И так, через посредство географии, этнографии, антропологии, Грановский приходил в соприкосновение с естествознанием и получил возможность значительно умерить философское увлечение гегельянства. Следуя за знаменитым биологом Бером93, он в актовой речи 1852 года признал, что «ход всемирной истории определяется внешними физическими условиями, влияние отдельных личностей в сравнении с ними ничтожно»[107]. Но, освобождаясь от односторонней и произвольной схемы Гегеля, Грановский по всему складу своего образования не способен был предоставить себя и в исключительное руководство естественникам. В общении с Герценом он признавал великие результаты естествознания, но протестовал против материализма, как философского, так и научного, настаивая на том, что явления мира духовного и нравственного, при всей своей зависимости от физических условий, не разлагаются без остатка на последствия этих условий, а вносят, кроме того, в мировую жизнь своеобразные элементы, которые требуют и своеобразного изучения. «У истории две стороны: в одной является нам свободное творчество духа человеческого, в другой – независимые от него, данные природою условия его деятельности. Новый метод должен возникнуть из внимательного изучения фактов мира духовного и природы в их взаимодействии. Только таким образом можно достигнуть прочных, основных начал, т. е. ясного знания законов, определяющих движение исторических событий.

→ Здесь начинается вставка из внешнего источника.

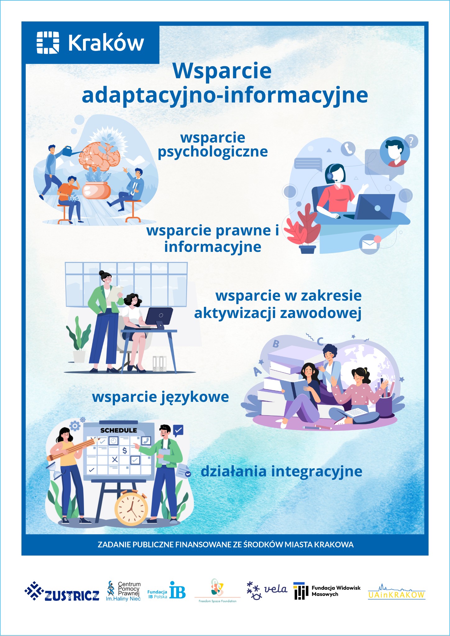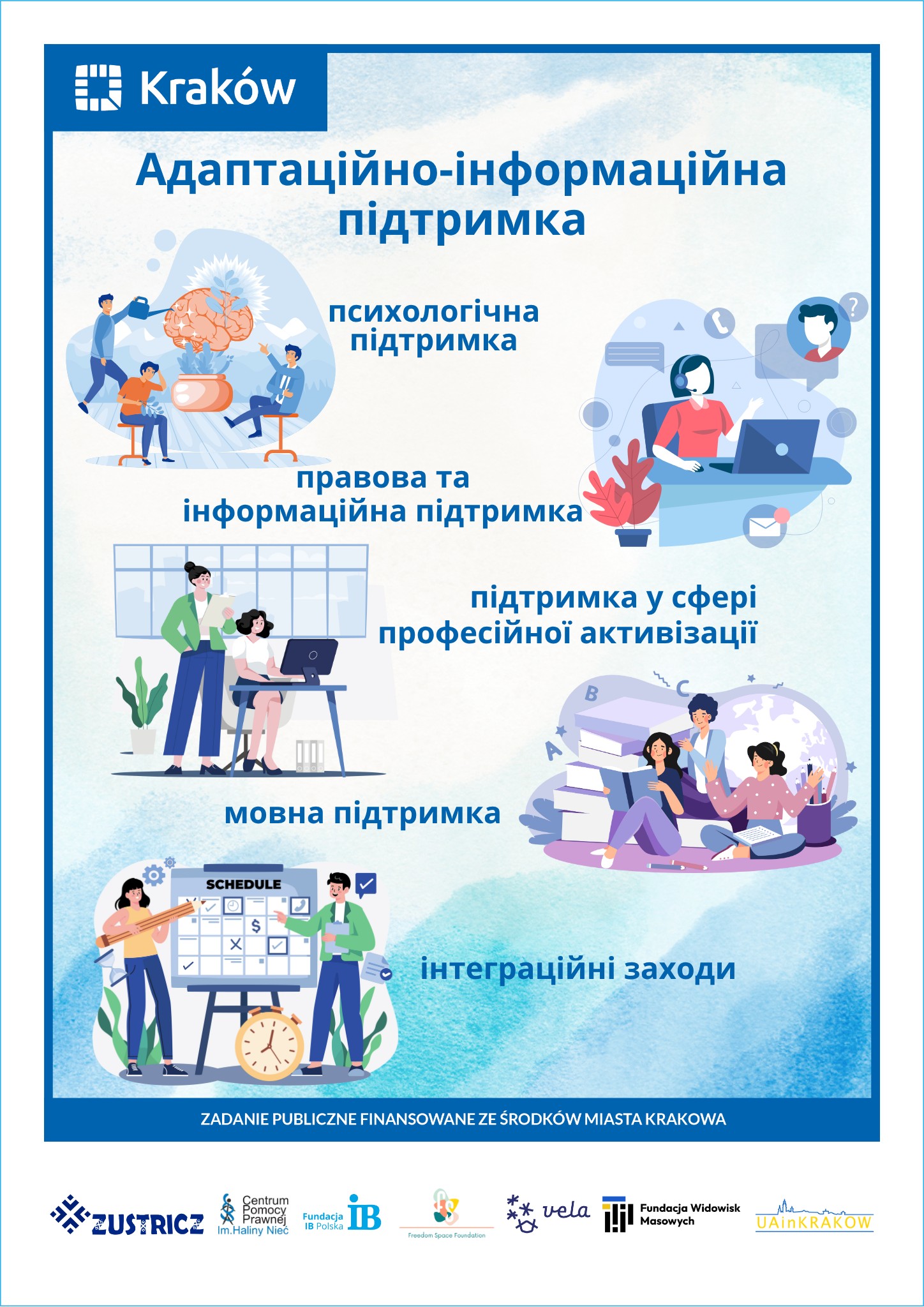 Projekt zakłada prowadzenie stałego wsparcia psychologicznego indywidualnego i grupowego w kilku językach, w tym ukraińskim i rosyjskim, dostosowanego do potrzeb różnych grup wiekowych, w tym seniorów. Ważnym elementem jest zapewnienie wsparcia informacyjnego i asystenckiego pomagającego w sprawach urzędowych, edukacyjnych, zdrowotnych i społecznych. Fundacja realizuje także działania integracyjne, w tym wydarzenia kulturalne, sportowe i rekreacyjne, sprzyjające dialogowi międzykulturowemu oraz przeciwdziałaniu wykluczeniu i dyskryminacji. Wszystkie działania są realizowane z uwzględnieniem wielokulturowości, dostępności językowej oraz specyfiki potrzeb osób migracyjnych i uchodźczych.
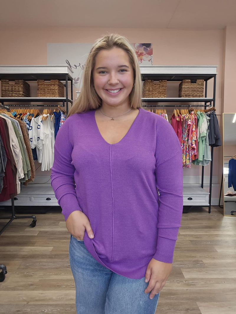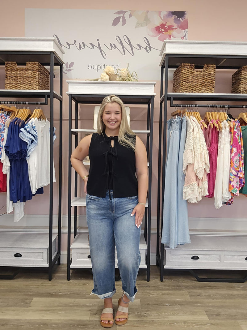 Smocked Bust Buttoned Split V Neck Flow Fit Blouse

Может быть, мы найдем тогда в этом движении правильность, которая теперь ускользает от нашего внимания»94.
История не так давно еще подверглась полному превращению. Из второстепенной разновидности изящной литературы она сделалась вдруг великою общественною наукой и косвенный толчок к этому был дан переворотом в конце XVIII века. Французская революция оказалась каким-то колоссальным и непроизвольным опытом, произведенным над европейскими порядками и учреждениями. Значительная часть их рушилась, но не менее значительная обнаружила совершенно непредвиденное сопротивление. Оказалось, что, кроме расчета и устроения, приходится принимать во внимание в политике привычки, инстинкты, наследственность, преемственность. Все это отсылало к изучению истории, и XIX век принялся за это изучение с энергией, о которой не помышляли века предшествовавшие. Прежде всего выдвинулось под этими влияниями учение о своеобразности исторических форм. XVIII век рассуждал о едином и отвлеченном человеке, XIX стал присматриваться к особенностям государств, народов, классов и лиц. Это сказалось на отношении к самой передачи фактов. Нибур70, а вслед за ним и Ранке71 исходили из наблюдения, что всякий рассказ о событиях своеобразен, т. е. налагает на событие известную окраску, которую надо определить и устранить, чтобы добраться до истины. Отсюда пошла историческая критика, перекрестный допрос свидетелей, который иногда, особенно в руках Нибура, приводил к совершенному крушению общепринятых взглядов на события.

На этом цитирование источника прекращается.